There have been some high highs and low lows for Jac Caglianone since being drafted by the Royals. He blitzed through the minors spending just 29 games in A ball, 38 in AA, and 12 in AAA before debuting with the big league club last June. That debut did not follow the stratospheric trajectory of his minor league experience. This season, Jac has gotten another chance to show that he belongs. So far, he is taking advantage of it.
Caglianone’s 2026 numbers are not going to jump off the page at anyone. His line of .263/.344/.425 is definitely in the good-but-not-great category. However, it is leaps and bounds better than his line of .157/.237/.295 last year.
These raw numbers are not what I am starting to get excited about, though the on-base percentage is much higher so far than I was expecting. It is the underlying numbers, both offensive and defensive, that suggest he is developing into a solid everyday player. Here are his Baseball Savant percentiles in 2025 vs. 2026 to help illustrate what I mean.

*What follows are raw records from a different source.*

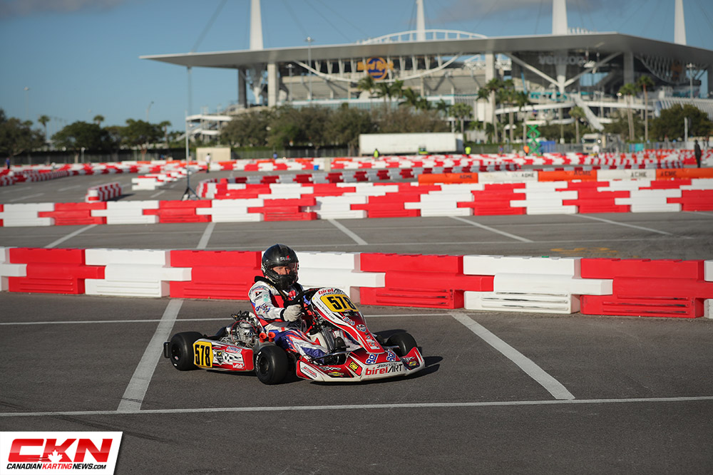 Starting with the Junior Rok category, there are three maple leafs in the top-ten standings heading into Ocala. Mackenzie Clark (Prime Powerteam – BirelART) ranks P4 while Justin Arseneau (Speed Concepts Racing – TonyKart), who we announced this morning will compete in the CIK Academy Trophy this season, is P6. Dale Curran (Racing Edge Motorsports – Kosmic Kart) hasn’t had a lot of luck at the two FWT rounds, but he enters the weekend with some momentum after scoring a huge win at the SKUSA WinterNationals in California and ranks P9. These three Canucks will be up front all week in Ocala and we’re hoping to see at least one on the podium for the race and the overall championship.
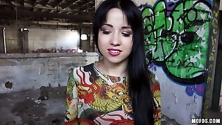 Colorful Russian girl sucks a meatpipe in public for some cash
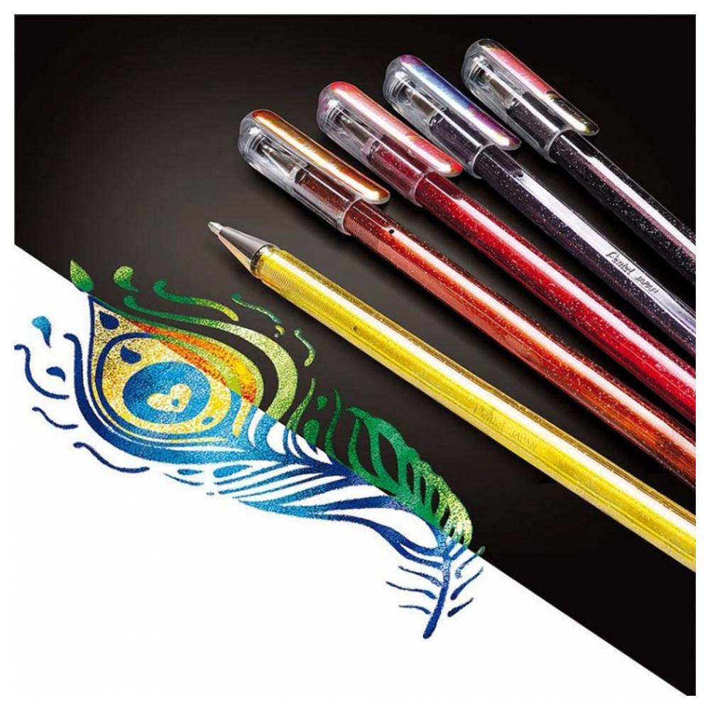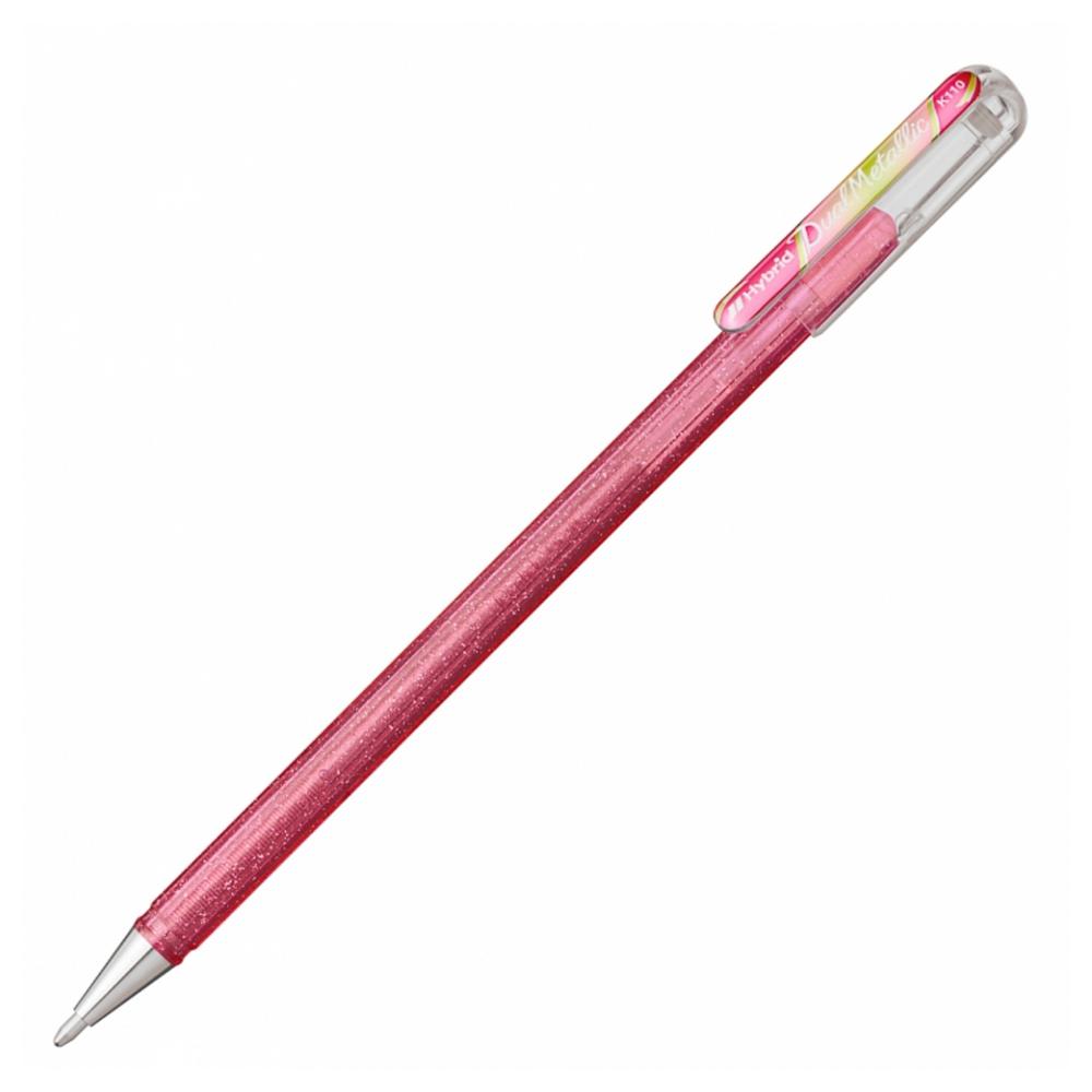 Pentel Dual Metallic K110 это уникальная гелевая ручка, заправленная пигментными чернилами с добавлением блесток и пигмента, создающего эффект хамелеона. Цвета ручек меняются в зависимости от цвета бумаги и угла обзора. Теперь ничего не может быть проще, чтобы создать удивительные мерцающие картины или открытки. Двойной металлический наконечник толщиной 1,0 мм обеспечивает равномерную подачу чернил для супер гладкого письма. Гелевые чернила, используемые для производства наших ручек, не текут, быстро сохнут на бумаге, не размазываются и устойчивы к воздействию света, а значит вы на долго сохраните свои работы в первозданном виде.
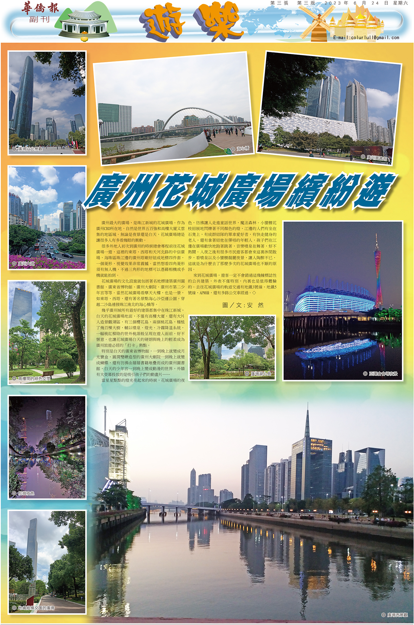 幾乎廣州城所有最好的建築都集中在珠江新城,白天的花城廣場地面,不僅有高樓大廈,還有大片人造景觀湖區,有三個櫻花島,兩個桃花島,種植了幾百棵大樹,輔以噴泉、燈光、冷霧降溫系統,一幅桃紅柳綠的世外桃源般呈現在遊人面前,好不愜意。也讓花城廣場白天的硬朗與晚上的輕柔成為廣州旅遊必經的「打卡」熱點。
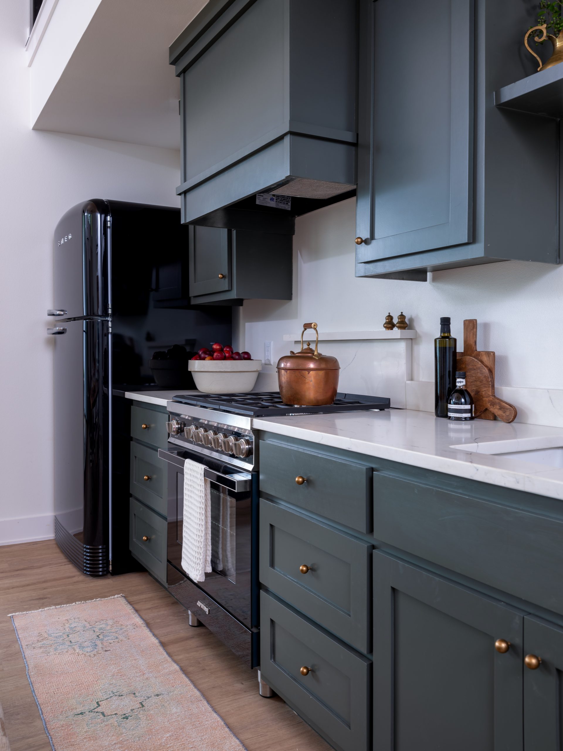Gray and Gabby really wanted an open, full kitchen. With the small amount of space we had, it was a bit of a challenge to find a way to include all the appliances and cabinets needed, plus a full-sized dining table that could host their large, close family. We had to be smart about maximizing the space. For the cabinet color, we went with a dark green color which looks sleek and modern against the black appliances. We didn’t have room for an island, so Dave built a large, custom dining table instead and inscribed one of her song lyrics into the wood.
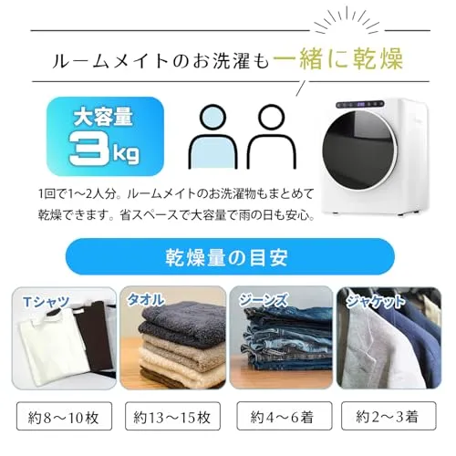 【コンパクトで大容量・高級感】最大容量3kgで一度に3人分の乾燥が可能、1人暮らしの方から23人のご家族向けに幅広くご活用頂けます。お部屋のインテリアとしても高級感のあるデザインです。
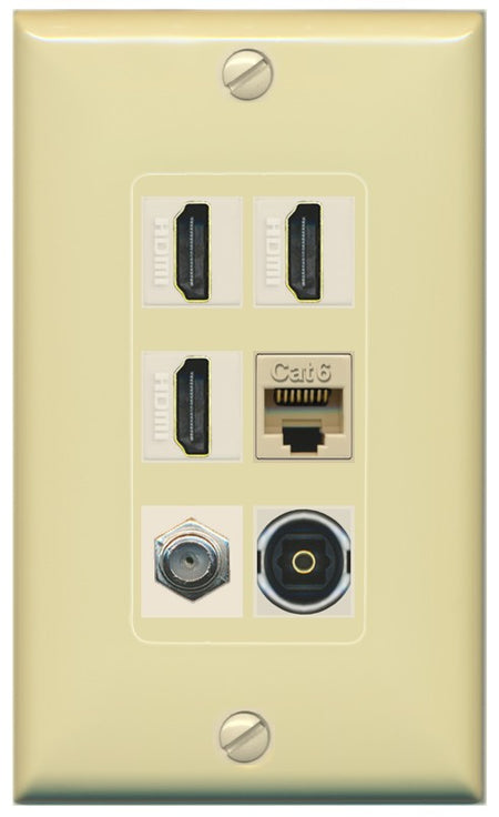 RiteAV 3 Port HDMI 1 Coax TV F-Type Cat6 Ethernet Toslink Optical Wall Plate - 1 Gang Decorative [Ivory/Ivory]

Jac has improved his overall skillset almost across the entire board. He is still a flawed player, mostly because of hi chase rate, whiff rate, and K%. However, he has elite exit velocity and is now getting to it at a much higher frequency. That has pushed his expected stats up into the area where it looks like he is going to be a well above-league-average hitter.
On top of that, his fielding is much, much better than last year. The arm strength was always there, the accuracy is starting to come too, so his throwing looks like it is going to be quite the weapon in right field. A full offseason of preparation to play outfield has also improved his range value immensely and he looks way more comfortable running around in the grass. We do not have a large enough sample size to say he is an above-average defender yet, but he has been so much better than last year that I am optimistic he will, at the very least, not be a liability out there. He even improved his sprint speed over last year, though that is more on a percentile basis than actually changing the top end speed. He is never going to be a burner running down balls deep in the gaps at that size.
Caglianone’s Weighted On-Base Average (wOBA), which evaluates offensive production based on actual outcomes, is encouraging so far. He ranks 122nd out of 274 MLB hitters with a wOBA of .330. His expected weighted on-base average (xwOBA) – a metric that estimates offensive production based on quality of contact, strikeouts, and walks – is .341, ranking him as well above-average among MLB hitters.
That expected value is predicated on how hard he hits the ball plus being able to barrel the ball much more often than last year. Going from a 12% barrel rate to 17% may not sound like a ton to most people, but that is a 42.5% improvement and enough to put him in the elite. We knew he could hit the ball hard and now he is accessing that ability much more frequently.
The main reason he has not posted elite numbers yet has to do with his chase rate, swing and miss rate, and his launch angle. He is chasing less than last year, so that is exciting even if he is still below-average. This might mean he will progress to a higher peak as he swings at better pitches, but for now he is still missing and striking out too much. The launch angle is the one that is keeping the balls from leaving the park in droves. A miniscule 3.8 degree launch angle is just not where you want a power hitter to be – Eric Hosmer struggled with this during his career. For Caglianone to become the 40+ home run monster we all want him to be, the ball has to get in the air more.
If you chart every ball he has put in play so far, the trend line is slightly positively sloped, but modestly enough that without the line it is hard to tell any trend at all. For Cags to become the Royals’ fearsome middle of the order slugger, this needs to have way fewer negative angles and many more in that 10 to 40 degree range.
As Jac is right now, he is on pace to end the season around 2-3 Wins Above Replacement. That means he is playing as an average-to-slightly above-average everyday major leaguer, despite the flaws. He just turned 23 a few months ago and his progression, plus his power potential, indicates that he is almost certainly going to be a good player. It looks like he may have already surpassed his lower-end threshold.
If he is now an above-average hitter, and an average-ish defensive right fielder, then he is a solid player the Royals can depend on for the next half decade. But he has to get the K% below 30% to pull that off. His ceiling is still very high, and I think we have a decent chance of witnessing something special with the combination of Bobby Witt Jr., Maikel Garcia, Carter Jensen, and Jac. After last season, Cags was the one that seemed like it just might not happen, but now I am fairly optimistic he is one of the cornerstones that this team can build on.